The sheer funk of Haircut 100 is always a surprise. “Kingsize (You’re My Little Steam Whistle)” has so much going on: a beautifully bright marriage of guitar and congas, throbbing bass, a magnificent strut. It’s textured and glorious. The band is tight. “Baked Bean,” too, is tight and funky as anything. The percussion is stellar. Heyward’s charming “whoop!” is almost as delightful as the perfectly odd line, “Cry/begin to.”

“Love Plus One” will always be remembered as a massive hit for Haircut 100, and it is furiously cheerful. A shining, urgent hit of tropicalia/funk, it was seemingly engineered for maximum happiness. The jazzy duet of horns that glide together on the fade out is pure class.

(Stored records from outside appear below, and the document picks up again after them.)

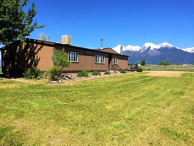 21.05 ac with natural spring fed pond, mountain views, lush irrigated pasture, 28x34 shop/garage.Fully-remodeled 1982 manufactured 1700 SF 3 bed 2 bath; fireplace, new flooring, some new windows, wood style siding, composition roof & permanent foundation. Animal shelters,two horse runs with automatic stock waterers, 2 paddocks, irrigation & hwy 93 exposure.
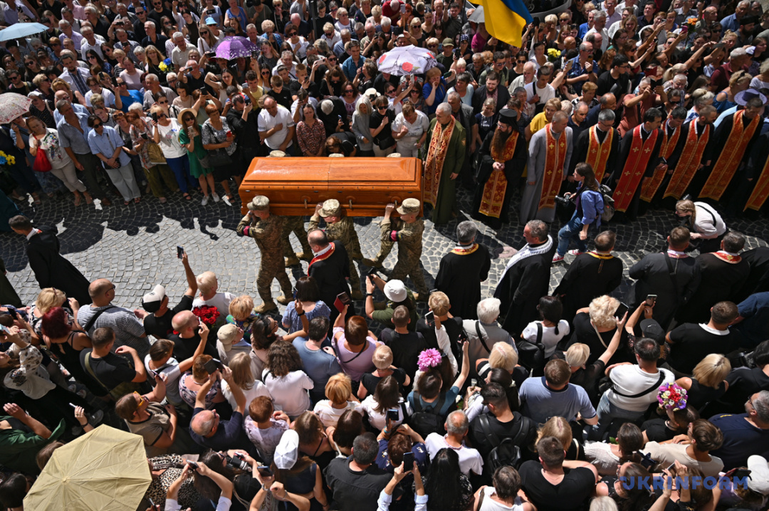 Похоронна процесія прямує до Личаківського кладовища для поховання мовознавиці, громадської діячки Ірини Фаріон, яку вбили пострілом у голову 19 липня, Львів, 22 липня 2024 року.
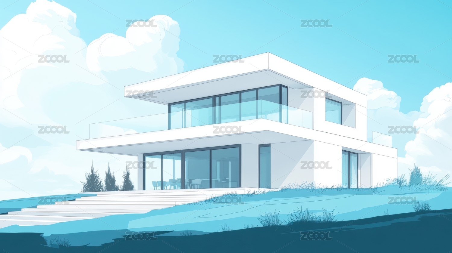 3D极简现代感豪华超大别墅场景效果图
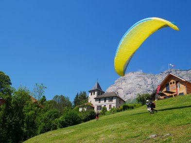 Pilotage parapente entre Grenoble et Chambery dans l'Isère (38) Excellent compromis pour découvrir la pratique du parapente cette journée découverte combine l'apprentissage du décollage sur pente école herbeuse et le plaisir du vol biplace en parapente.
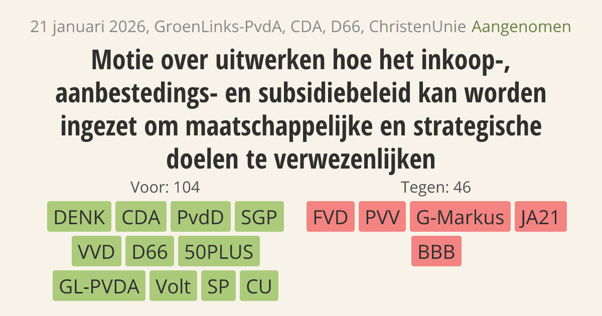 Motie van het lid Van der Lee c.s. over uitwerken hoe het inkoop-, aanbestedings- en subsidiebeleid kan worden ingezet om maatschappelijke en strategische doelen te verwezenlijken
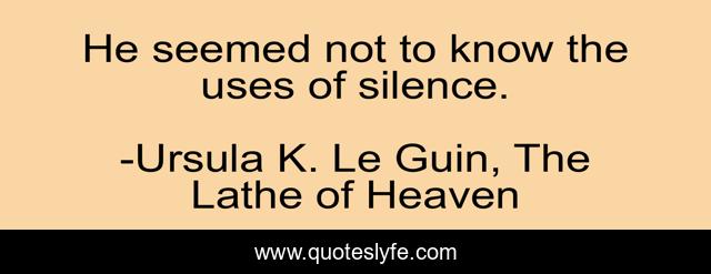 This page presents the quote "He seemed not to know the uses of silence.". Author of this quote is Ursula K. Le Guin, The Lathe of Heaven. .
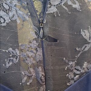 This stunning dress features elegant lace sleeves and a chic design, perfect for any occasion. The deep blue color adds a touch of sophistication. Slight tear in the lace in the back as seen in last photo. Make an offer
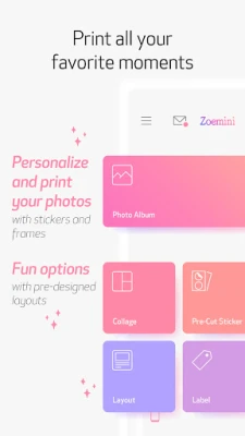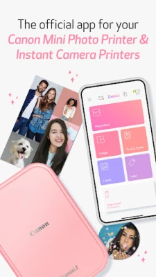 A Canon Mini Print alkalmazással a Canon Zoemini Mini és Zoemini S készülékeket használhatja. Szabja személyre fotóit matricákkal, szöveggel, keretekkel és szűrőkkel! Készítsen felvételeket, vagy importálja azokat közösségi médiából. Hozzon létre egyedi 2x3 hüvelykes nyomatokat, és díszítse fel velük a környezetét. Fejezze ki kreativitását!
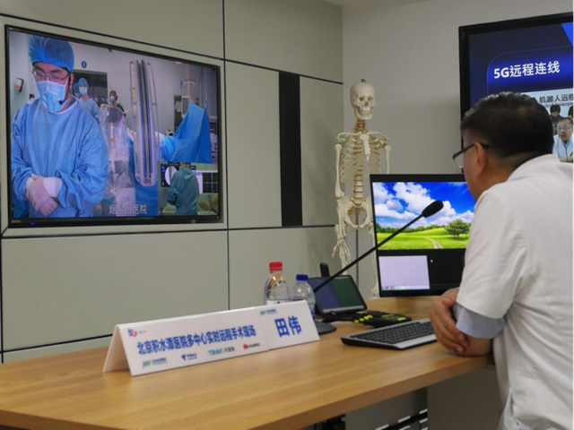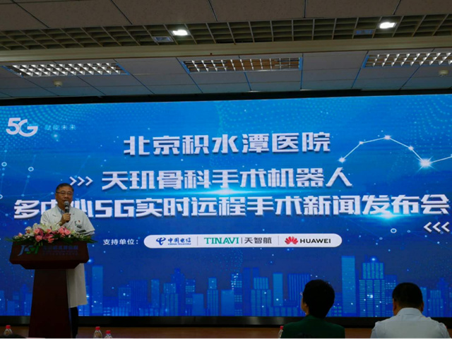 2019年6月27日上午,在北京积水潭医院的机器人远程手术中心,积水潭医院田伟院长通过5G网络接入远程手术服务云平台与嘉兴市第二医院和烟台市烟台山医院同时连接,成功完成了全球首例骨科手术机器人多中心5G远程手术。不同于过去单纯的远程视频会诊指导手术和远程手术规划,此次通过5G网络控制手术机器人,从“遥规划”成为“遥操作”,真正实现了远程操控骨科手术机器人进行实时手术。此次手术借助北京电信5G网络和华为端到端的5G设备完成信号的大带宽、低时延传输,手术结束后田院长表示:“这是一个令人激动的历史时刻,手术效果是教科书级别的,通过机器人手术摆脱了过去单纯依靠医生经验进行操作的历史,将为有效缓解我国医疗资源区域分配不均的问题做出贡献”。通过此次手术标志着我国5G+AI远程医疗达到了一个新高度,5G远程手术技术正式进入临床应用阶段。

My favorite track on Pelican West has to be the delightfully weird “Calling Captain Autumn.” The song is like the distillation of Pelican West and Haircut 100. It’s a little silly, but it’s funky and fun. There’s harmony, a bubbling bass line, odd sound effects, a dash of cheekiness, and some amazing conga playing. Marc West is an MVP of Pelican West. There are two other versions of the track, the special extended version and the genius 12” mix.

The 12” mixes and extended removes never get tiresome on this version of Pelican West. They always add a new depth and dimension to old favorites. The included live version of “Fantastic Day” is well worth a listen.

Pelican West is eccentric and eclectic, and one wonders how an album like this would be marketed today. It’s impossible to be cross while listening to Haircut 100, and certainly more people could benefit from a hit of unabashed happiness. I had wondered how Pelican West would hold up for me, as it was an absolute favorite of mine growing up. I’m happy to report, it’s even better than I remembered.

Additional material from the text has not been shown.